Bhuiyar or Bhuyiar

Regions with significant populations
- Uttar Pradesh

Languages
- Hindi

Religion
- Hinduism

= Bhuiyar =

Hindu weavers caste

The Bhuiyar or Bhuyiar are a Hindu caste found in the Indian state of Uttar Pradesh. They have scheduled caste status and are also known as Bhanyar. The traditional occupation of the Bhuiyar caste is weaving but that has declined due to mechanisation.

== Origin ==
They are a group of Munda tribesmen who settled in the southern and the western Uttar Pradesh in the 16th century. They were a community that historically were involved with weaving and some were involved slash and burn agriculture, and occupied the hilly terrain of south Mirzapur district. The Bhuiyar are further divided into sub-divisions, which are referred to as kori. Their main koris are the Baria, Birkunia, Chandnihys, Chetrihya, Chiriha, Dioriya, Khutta, Parha, Patparaha and Sudha. They are strictly endogamous, and practice clan exogamy. The Bhuiyar are found in the districts of Sonbhadra and Mirzapur. They speak Hindi, having long forgotten their Munda language.

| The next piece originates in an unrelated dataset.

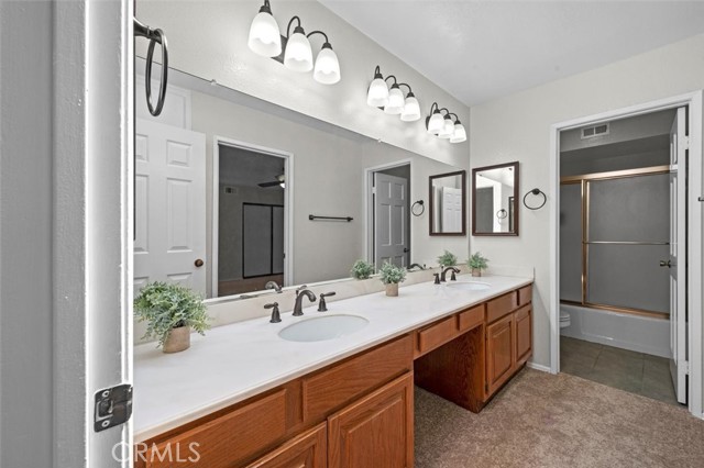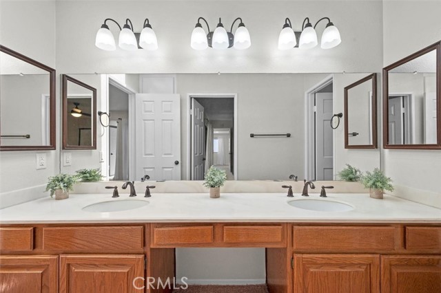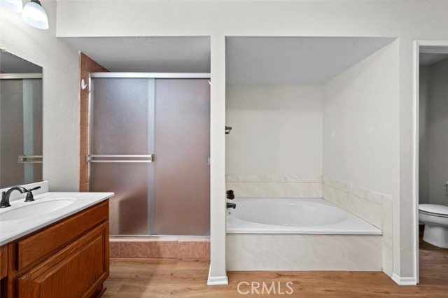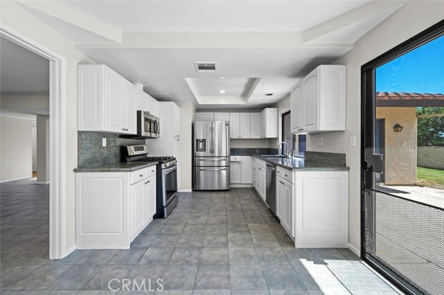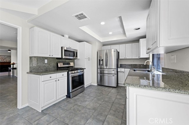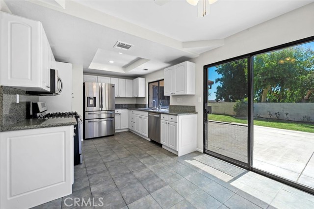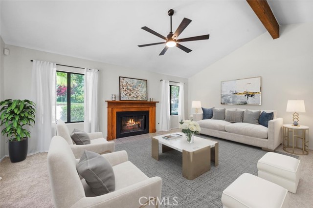 Nestled within the highly sought-after Villa Montelena gated community, this stunning property offers an exceptional living experience. A comprehensive interior makeover has revitalized this home, featuring fresh paint, new flooring, and modern lighting fixtures, among other updates. The living room boasts a stunning beamed ceiling and a cozy fireplace, setting the stage for comfort and elegance. The open concept layout seamlessly connects the living room, dining area, and kitchen, enhancing both flow and sociability. The spacious primary suite offers a double door entry, beamed ceiling, and direct access to the back patio for convenience and relaxation. The primary bathroom is a luxurious retreat with dual sinks, a separate soaking tub, and a step-in shower, providing an oasis of tranquility. Two generous bedrooms offer ample space for family members or guests and are versatile for various needs. These bedrooms share a beautifully appointed Jack and Jill bathroom, ensuring both convenience and privacy. Step into your own private courtyard, a tranquil space ideal for morning coffee and relaxation, which seamlessly connects to the beautiful backyard, creating an inviting outdoor area perfect for entertaining or unwinding. Experience the epitome of comfortable and elegant living in this Villa Montelena residence

== Present circumstances ==
The Bhuiyar are now a community of settled agriculturists. Their earlier slash and burn practices have disappeared. Most Bhuiyar are a small and medium-sized farmers, with a minority being employed as agricultural labourers. Many are now also employed in the mines that have appeared in Mirzapur district. They live in multi-caste villages, occupying their own distinct quarters. They have much in common with neighbouring tribal communities such as the Kol, Agariya and Chero. Each of their settlement contains an informal caste council, known as a biradari panchayat. The panchayat acts as instrument of social control, dealing with issues such as divorce and adultery.

The 2011 Census of India for Uttar Pradesh showed the Bhuiyar population as 28,360.